Итоги 90-х годов

Мысль, высказанная В.В. Путиным на Мюнхенской конференции по вопросам политики безопасности 10 февраля 2007 года о том, что «война холодная» оставила нам «неразорвавшиеся снаряды» в виде идеологических стереотипов, двойных стандартов и иных шаблонов блокового мышления, относится не только к нашим западным партнерам. В России достаточно ветеранов «идеологического фронта» и подросшей смены, стремящихся в комфортные окопы холодной войны, и именующих себя «государственниками» и «патриотами».

Вопреки их утверждениям о том, что в 90-е годы «патриотический» спектр был лишен возможности выражать свое мнение, все десятилетие шла публичная критика внешнеполитического курса. Осуществлявшаяся на парламентском уровне, в СМИ и академическом сообществе она носила достаточно острый, а, в ряде случаев, откровенно грубый характер.

Не останавливаясь на ушедшем десятилетии подробно, заметим, что расхожее утверждение о том, что в условиях значительной утраты суверенитета кадровую политику и даже идеологический климат в стране определял так называемый «Вашингтонский обком партии», мягко говоря, не соответствует действительности.

Достаточно вспомнить подковерную борьбу за «доступ к телу», о клинче медиамагнатов, о событиях 1993 года, о «семибанкирщине», о выборах 1996 года, о чехарде сменявших друг друга премьеров, наконец, о назначении самого преемника. Причем здесь Вашингтон? Хотелось бы также отметить, что практически весь руководящий состав Вооруженных Сил и органов Госбезопасности получил свои генеральские звания именно в этот, «контролируемый Вашингтонским обкомом», период.

Внешняя политика России, испытывавшая острую нехватку материальных, силовых и даже кадровых ресурсов, несмотря на известные ошибки, тем не менее, сумела сохранить лицо.
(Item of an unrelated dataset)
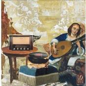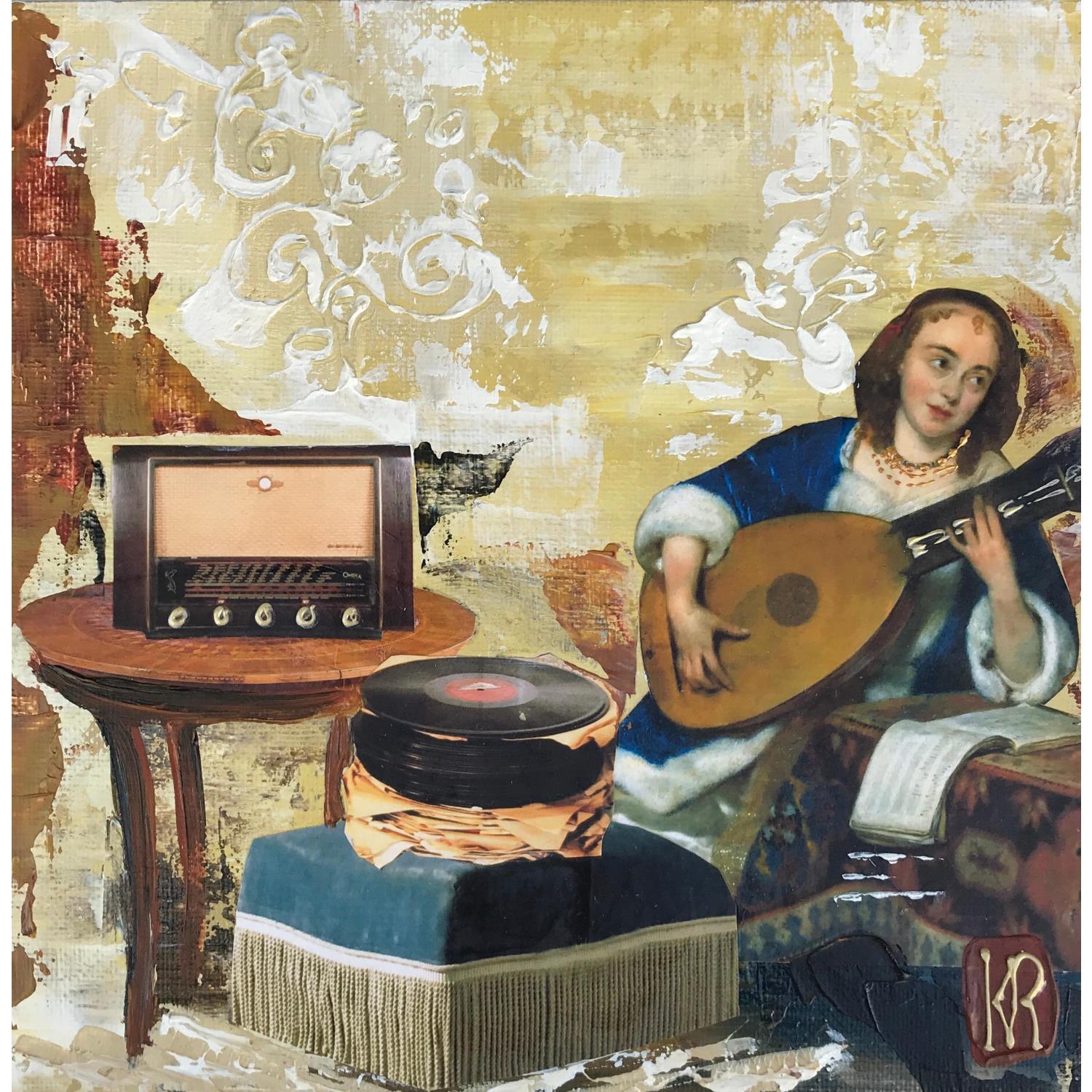 Der Künstler verwendete Collage auf Leinenkarton, um dieses Kleine Gemälde zum Thema "Alltagsszenen, Musik" anzufertigen.

Заявления российского МИД в связи с палестино-израильским конфликтом, ситуацией вокруг Ирака, планами расширения НАТО на Восток, событиями на Балканах и особенно в связи с авиационными ударами НАТО по Югославии весной 1999 г. вызывали раздражение официального Вашингтона.
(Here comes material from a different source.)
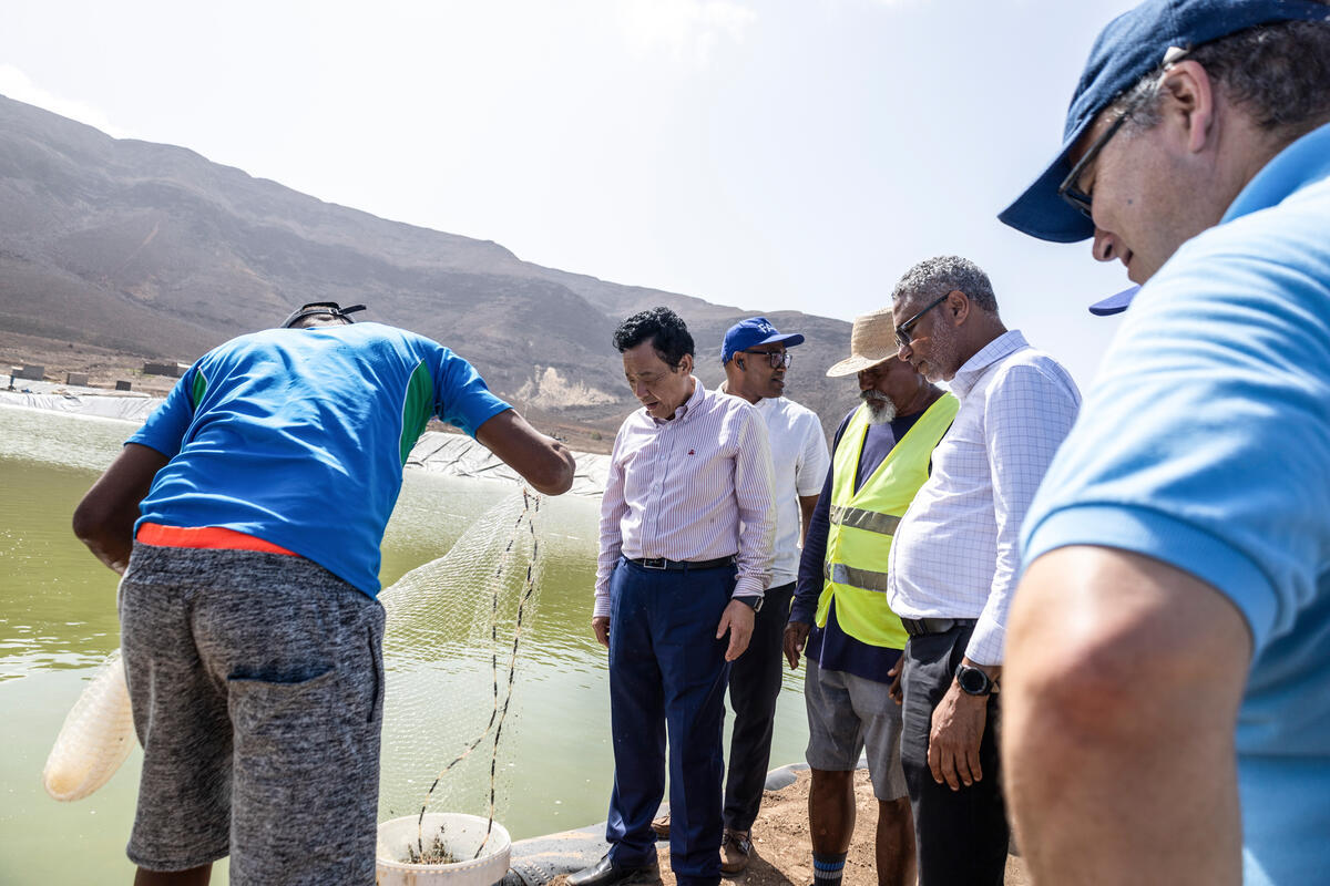 27 July 2024, Calhau, São Vicente, Cabo Verde - FAO Director-General QU Dongyu (C), accompanied by Minister of Agriculture and Environment of Cabo Verde, Gilberto Silva, (R) visiting Fazenda de Camarão Shrimp farm in Calhau. The visit provided valuable insights into the potential of aquaculture to contribute to food security and economic growth in Cabo Verde, aligning with FAO’s goals of promoting sustainable agriculture and fisheries.

Привнесение в дискуссию термина «суверенность» вызвало к жизни новые подходы, акценты, а, главное, новый тон, который, как известно, определяет музыку. Во многих изданиях зазвучали фанфары, барабаны и другие ударные инструменты. Задача данной статьи показать, насколько подобный настрой отвечает принципу историзма, реальной ситуации и внешнеполитической практике, и также в какой мере «суверенность» и связанные с этим понятия - общинность, соборность, персонификация — представляют собой оригинальный вклад в развитие отечественного обществоведения.
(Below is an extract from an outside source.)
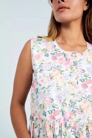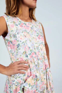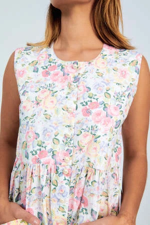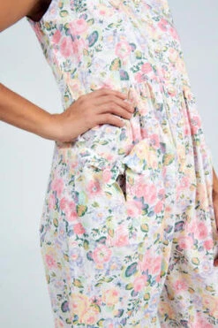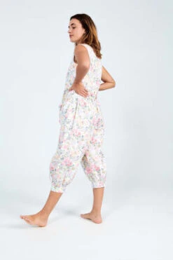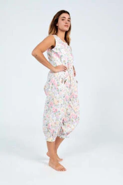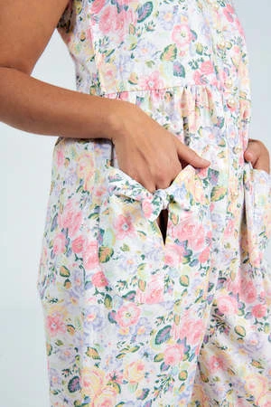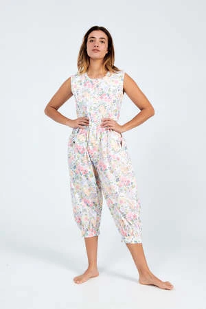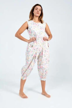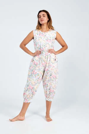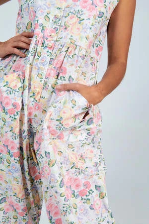 Sleeveless loose-fitting cotton jumpsuit in Laura Ashley’s archival Quartet Print based on a classic Laura Ashley silhouette. Pearl buttons down the front. Tie pockets in front. Ankle length.

Большинство серьезных специалистов по международным отношениям согласны в том, что из почти двухсот государств - членов ООН реальным суверенитетом, подлинной субъектностью на мировой арене обладают немногие. Обсуждение необходимых параметров для обладания этим статусом выходит за рамки данного материала, поэтому ограничимся замечанием, что традиционные геополитические характеристики — географическое положение, размер территории, численность населения, военная мощь и т.д. — сохраняя свое значение, не исчерпывают современного содержания суверенитета.

Когда утверждается, что в основе русскости лежит идея прочной государственной независимости, неприятия внешнего управления ни в сфере политики, ни в сфере духа, то против таких критериев возразить нечего, но правомерно возникает вопрос, в чем отличие «русскости» от «французскости» или «китайскости»? Хотелось бы понять, кого надо убеждать в том, что суверенность является неотъемлемой частью субъектности международных отношений, и кто выступает за получение инструкций из Вашингтона, поход за вассальной зависимостью в Брюссель или готов к неизбежной потере Зауралья?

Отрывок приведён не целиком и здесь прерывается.